Ellas simplemente citaban, sobre todo, secciones del Nuevo Testamento, para afirmar que su conducta se basaba en las enseñanzas de Jesús.
En contraste con la sociedad corporativa las mujeres anabautistas ejercieron una fe consciente y desarrollaron un discipulado voluntario. Debían responder personalmente y no su padre, esposo o guardián por ellas.
Al elegir ellas una comunidad de fe estaban rechazando el principio eclesiológico y político reinante en el siglo XVI, el de que según la religión del rey debía ser la religión del pueblo (cuius regio, eius religio). Porque en el anabautismo nadie podía ni debía imponerle la fe a otro ni a otra.

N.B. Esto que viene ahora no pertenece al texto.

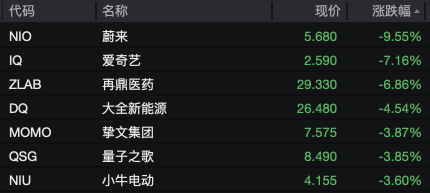 中概股走势偏弱,纳斯达克(NDAQ)中国金龙指数跌超1%。个股方面,百济神州(688235)跌近8%,蔚来(NIO)跌超9%,爱奇艺(IQ)、再鼎医药(ZLAB)跌超6%。
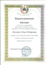 2019, Благословенное письмо за труды в деле утверждения Православной Веры и духовно-нравственное научение подрастающего поколения
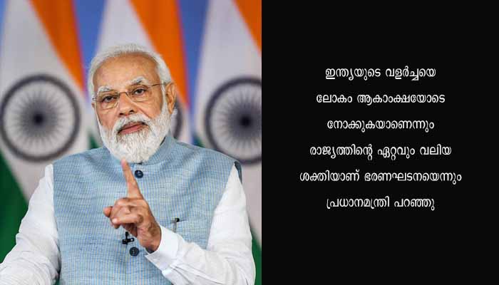 ഭരണഘടന ദിനത്തിൽ മുംബൈ ഭീകരാക്രമണം അനുസ്മരിച്ചായിരുന്നു പ്രധാനമന്ത്രിയുടെ പ്രസംഗം. ഇന്ത്യയുടെ വളർച്ചയെ ലോകം ആകാംക്ഷയോടെ നോക്കുകയാണെന്നും രാജ്യത്തിന്റെ ഏറ്റവും വലിയ ശക്തിയാണ് ഭരണഘടനയെന്നും പ്രധാനമന്ത്രി പറഞ്ഞു.
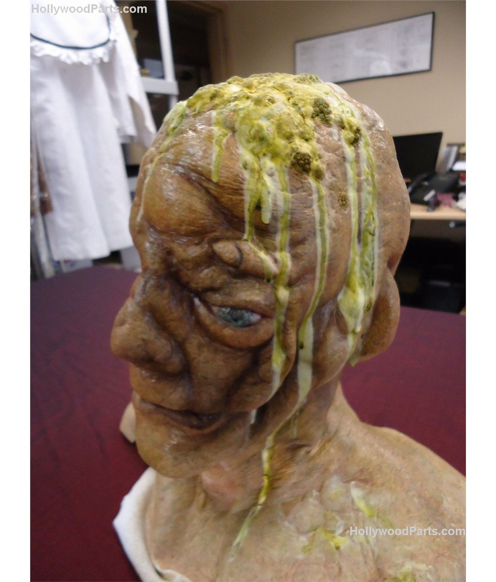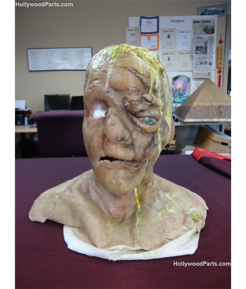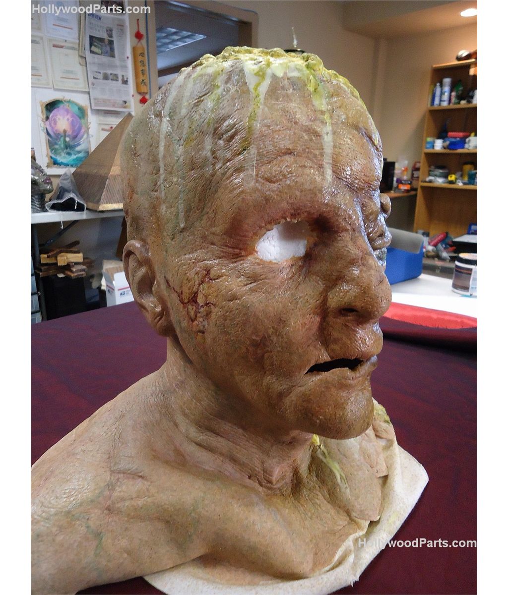 Realistic foam latex head bust mask of a face with deformities and scars. Life-like high quality make-up from Cabin in The Woods.
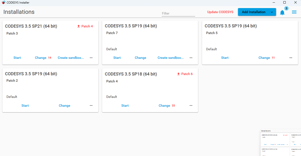 The projects we have made (with several persons) are in differents versions, Codesys V3.5 sp18 patch4, V3.5 sp19 patch 2, V3,5 sp19 patch 5 etc V3.5 sp21 patch 3 etc..
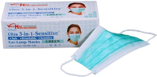 ValuMax 5630E-GR Ultra-3-In-1 Sensitive Disposable Earloop Face Masks, Cellulose Inner Layer, High Filtration, Green, Box of 50
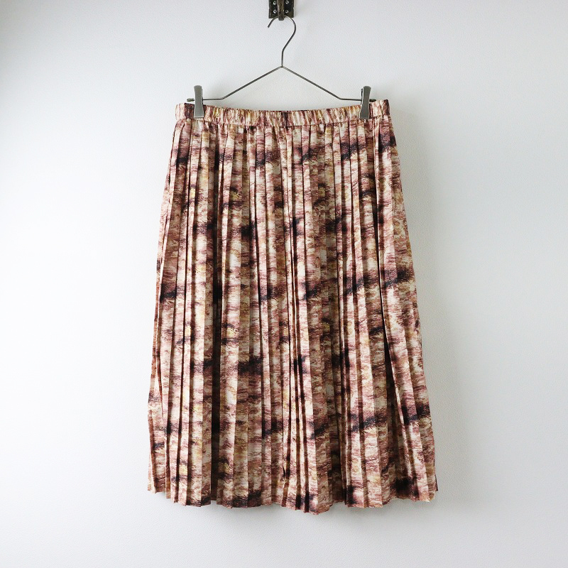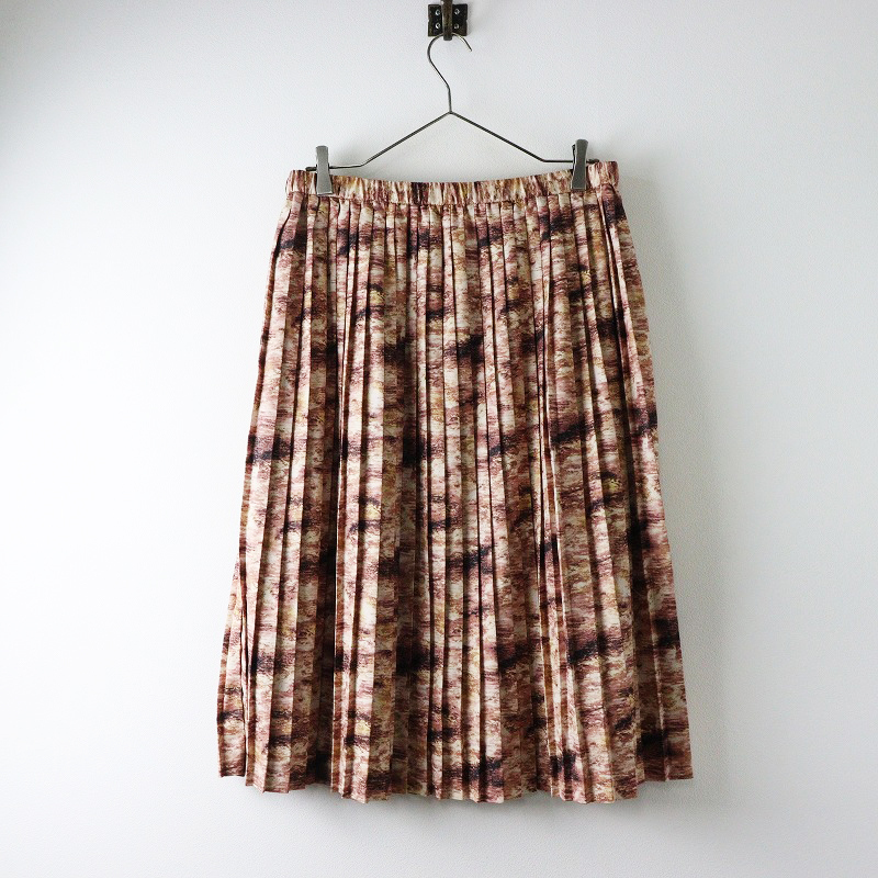 大きいサイズ オンワード樫山 ニジュウサンク 23区 ジオメトリック プリーツスカート 46|ベージュ【2400014616682】

En el siglo XVI, en Europa occidental, entre dos mil y tres mil anabautistas fueron ejecutados, miles más torturados, les confiscaron propiedades, padecieron cárcel y/o destierro que les obligó a deambular por muchos lugares. La mayoría de las ejecuciones de anabautistas y las persecuciones más crueles tuvieron lugar en territorios católicos.
En el volumen compilado en 1660 por el pastor menonita holandés Thieleman J. van Braght (cuya traducción al inglés se titula Martyrs Mirror y tiene casi 1200 páginas), se incluyen casos de 278 mujeres, un tercio del total de quienes sufrieron la pena muerte, que fueron llevadas a la hoguera, ahogadas, o estranguladas por causa de su fe.
Otra fuente menciona que, durante el siglo XVI, en determinadas regiones de Europa, en las cuales la persecución fue más cruenta, las mujeres anabautistas ejecutadas representaron el 40 por ciento del total de martirizados.
No es posible recuperar el amplio abanico de la Reforma radical sin aquilatar el involucramiento de las mujeres en este movimiento.